Poi, si accende di rabbia quando afferma che i golpisti hanno comprato i medici che hanno curato sua moglie, prima, ed il medico legale, poi, per poter affermare che Wendy era morta a causa del virus dell’influenza A H1N1, un assurdo, dal momento che nessuno delle persone più vicine a lei era stato contagiato: una forma di agire molto chiara che dimostra la codardia e la paura dei colpevoli di questo terrore, animali spaventati dalla giustizia che inesorabilmente cadrà su di loro quando l’ordine costituzionale ritornerà nel paese.
“Loro possono credere che attuando così tutto resti dimenticato, però si sbagliano: per i golpisti, per i violentatori dell’ordine costituzionale del paese, per coloro che hanno sconvolto l’ordine democratico in Honduras non ci sarà né perdono né oblio” — mi dice Edwin categorico.
“Grazie al lavoro svolto dal nostro presidente costituzionale, Manuel Zelaya Rosales, abbiamo scoperto che anche noi possiamo avere un’opportunità di uno sviluppo sociale equo e solidario.
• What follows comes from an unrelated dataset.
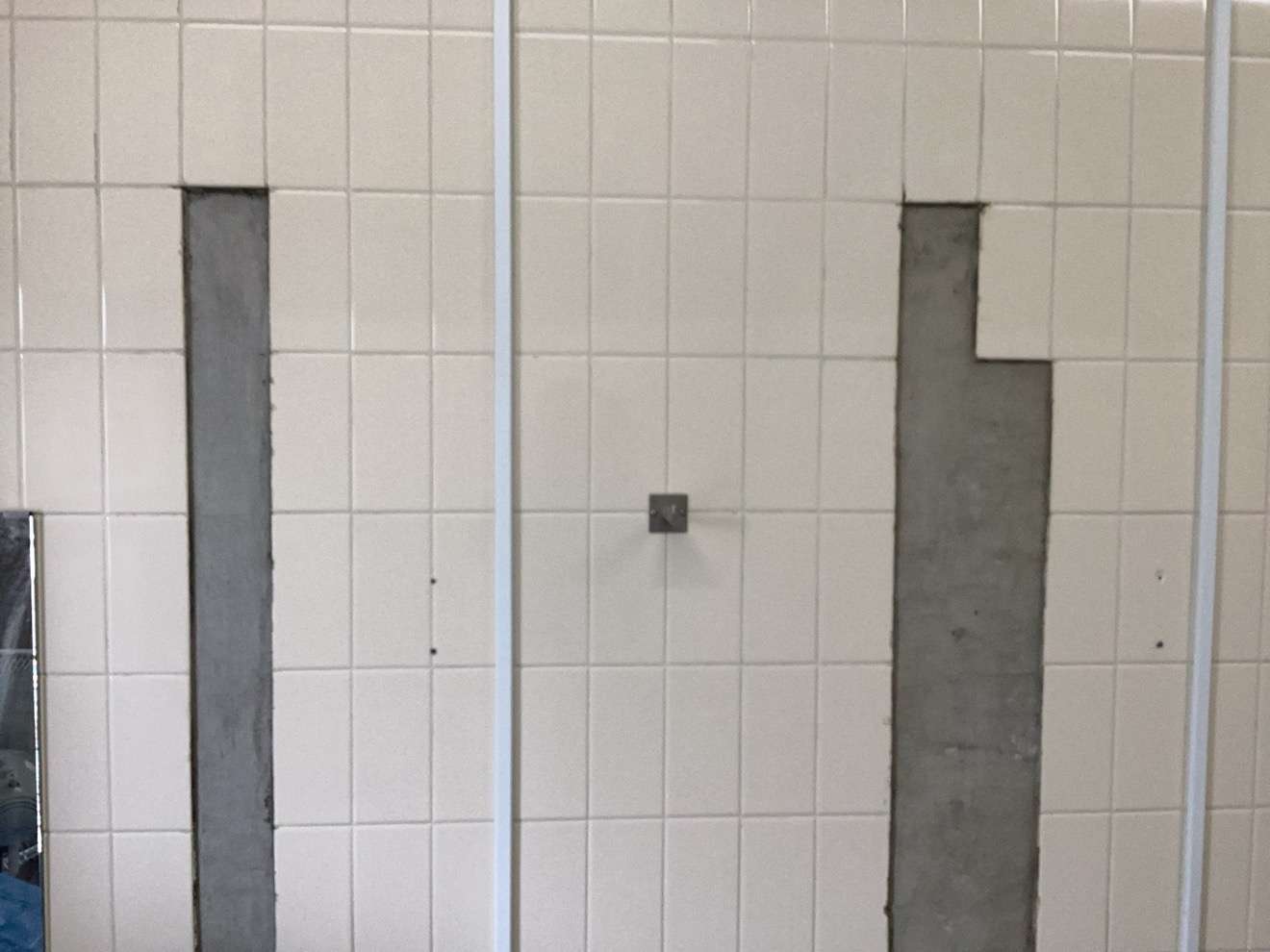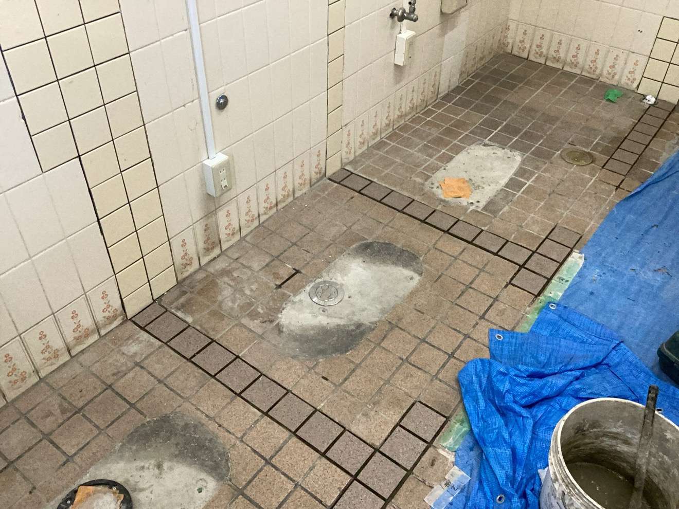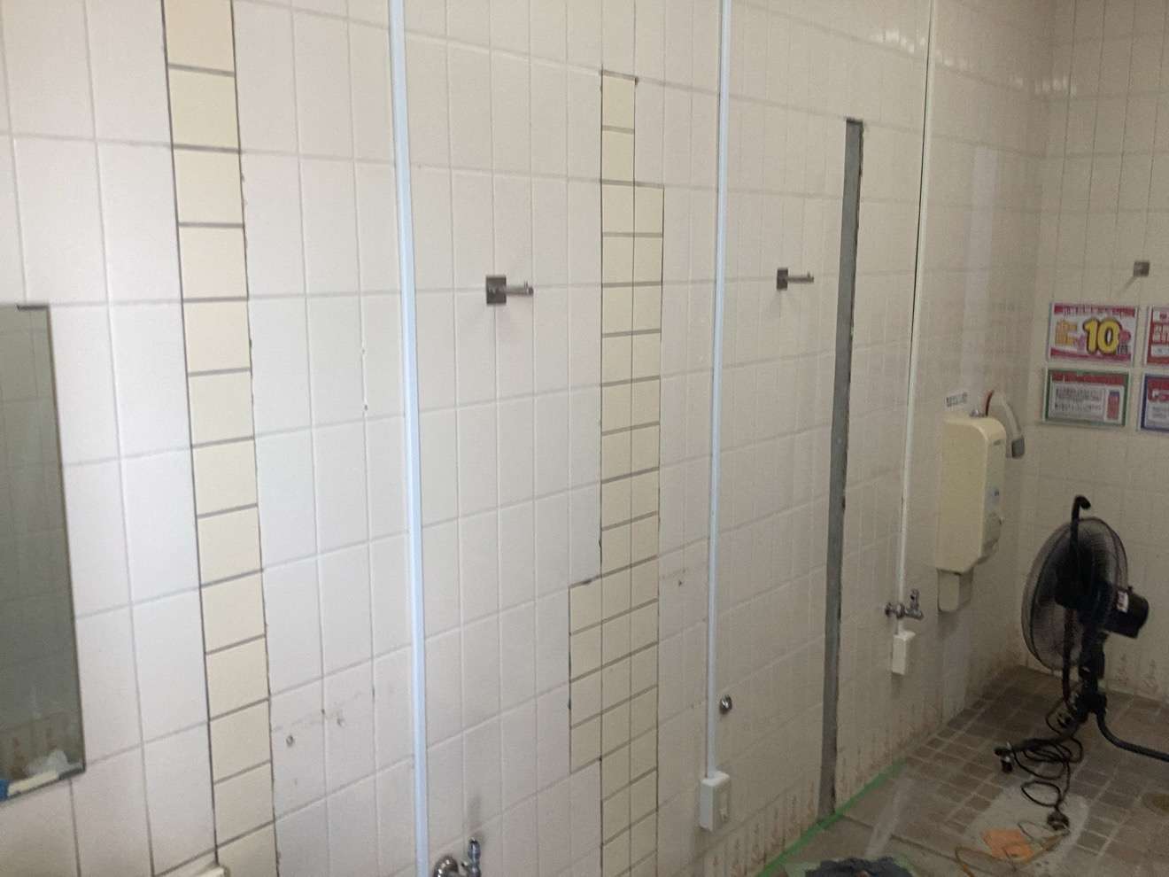 タイル復旧後は、新しく仕切壁を設置し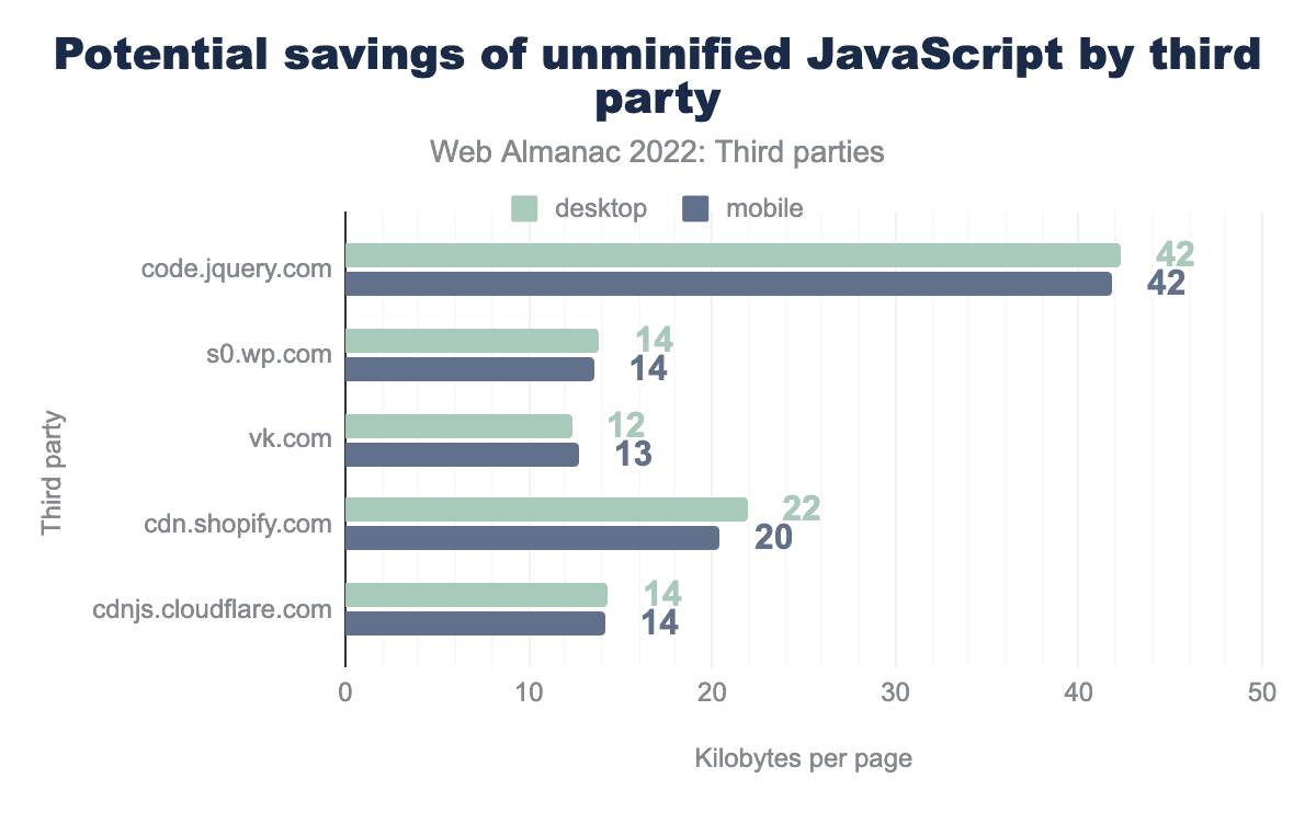 The code.jquery.com CDN library for jQuery is the most popular JavaScript third-party library being used on 6% of all websites on desktop (note that jQuery is used on far more websites, but not all uses are served from this CDN). On average 43 KB of data per page that has unminified jQuery could be saved by using the minified version of its resources, which are available on this CDN.

Tu che hai l’onore di vivere a Cuba sai bene che questa isola caraibica è stata, è e sarà sempre il faro dell’America Latina. Grazie a lei, alla sua resistenza eroica contro l’imperialismo, gli altri paesi fratelli hanno potuto sviluppare questo meraviglioso movimento del Secolo XXI. Cuba ci ha fatto respirare la possibilità di saper resistere ad un nemico molto più poderoso di noi”.
“Il mio popolo sta lottando giorno dopo giorno per un mondo migliore, per questa lotta Wendy è arrivata fino all’ultimo sacrificio, seguendo gli ideali ed i sogni del Comandante Che Guevara e desiderando di poter visitare Cuba e stringere la mano al grande Comandante Fidel Castro. Lei adesso non potrà più farlo, però spero che i miei saluti e tutta la mia stima possano essergli recapitati”.
Ringrazio Edwin di queste belle parole che condivido completamente e che mi emozionano fortemente.
E qui forse mi lascio trasportare anche io dalla rabbia e dall’impotenza della situazione, però ricordando la storia italiana e pensando ad un altro dittatore assassino (Mussolini), vorrei lanciare un messaggio di avvertimento all’usurpatore Micheletti: bisogna fare attenzione perché questa immensa folla che fino ad oggi è stata guidata solo da sentimenti di amore, potrebbe stancarsi e decidere che l’unica posizione corretta per il capo dei golpisti sia a testa in giù, appeso nella Piazza Centrale, di fronte alla statua di Morazán.